2. The fact that BNPL is not appearing on many credit reports indicates another potential gap in traditional credit reporting, increasing their inaccuracy and the risk for lenders and borrowers.

3. As people use BNPL for smaller transactions, this indicates BNPL’s adoption for routine expenses rather than its occasional use.

Chapter Two: 
Shops v Cyber: A Portrait of the New British Consumer in the Cost-Of-Living Crisis

The shift from physical to online shopping is often discussed. It’s a trend visible on almost every high street in the UK, too, with many stores closing and buildings lying empty. And it accelerated rapidly during the pandemic.

The convenience of shopping from the comfort of one's own home, combined with the wider range of online products and the ability to compare prices easily on a screen in the palm of your hand, Makes the shift understandable.

However, some retailers have been able to adapt to the changing market, by offering leisure activities or an “experience” for shoppers or by adopting "click and collect" services.

So, how has the trend continued after the pandemic, and is it more pronounced in different areas of the UK?

Headline findings

1. Average online spending per person is down by 3% compared to last year.

2. But average high street and supermarket spending has increased by 5%.

There has been a surprise decrease in average monthly online spending in the past year, falling by 3% year-on-year to September 2023, as offline expenditure rose by 5% over the same period.

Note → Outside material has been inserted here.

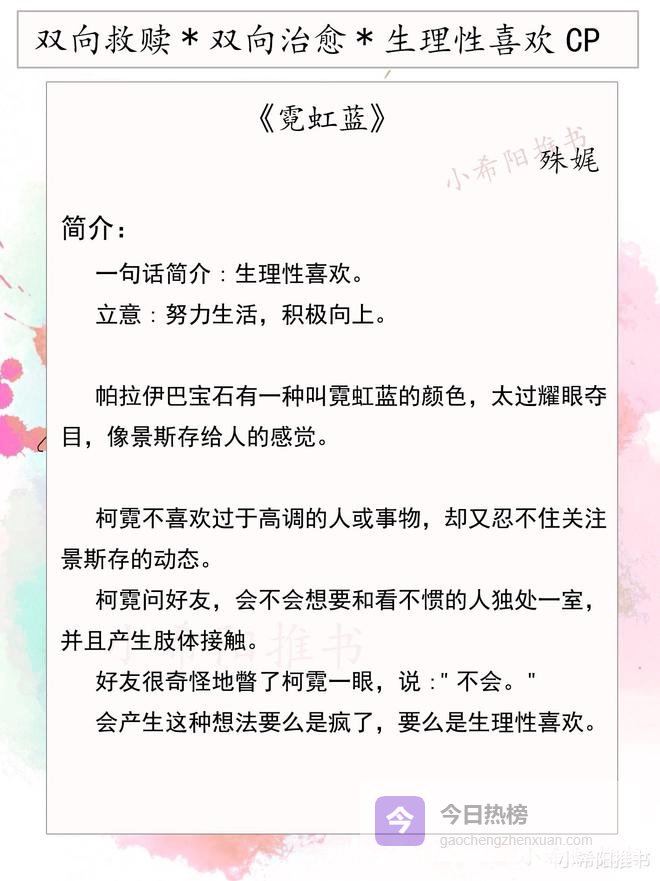 景斯存(男主),则是像帕拉伊巴宝石般耀眼的“霓虹蓝”少年,高调耀眼的天才,小学拿知识竞答亚军,初中斩获脑力节目冠军。温柔男主真的是理想型,男主父亲患病严重,家里失去顶梁柱,后来奶奶也患病,家里的负担男主慢慢扛起来,男主真的是美强惨。

When breaking this down regionally, the move to shopping offline compared to online is particularly true for Londoners. High street spending increased significantly in London (up by more than £5) between September 2022 and September 2023. Still, it was relatively stable elsewhere (up by just 38 pence), meaning the capital city was responsible for driving the average national increase.

These two trends look like a surprise bounce back—or at least a slowing decline—for physical and high street spending after the pandemic, concentrated in London.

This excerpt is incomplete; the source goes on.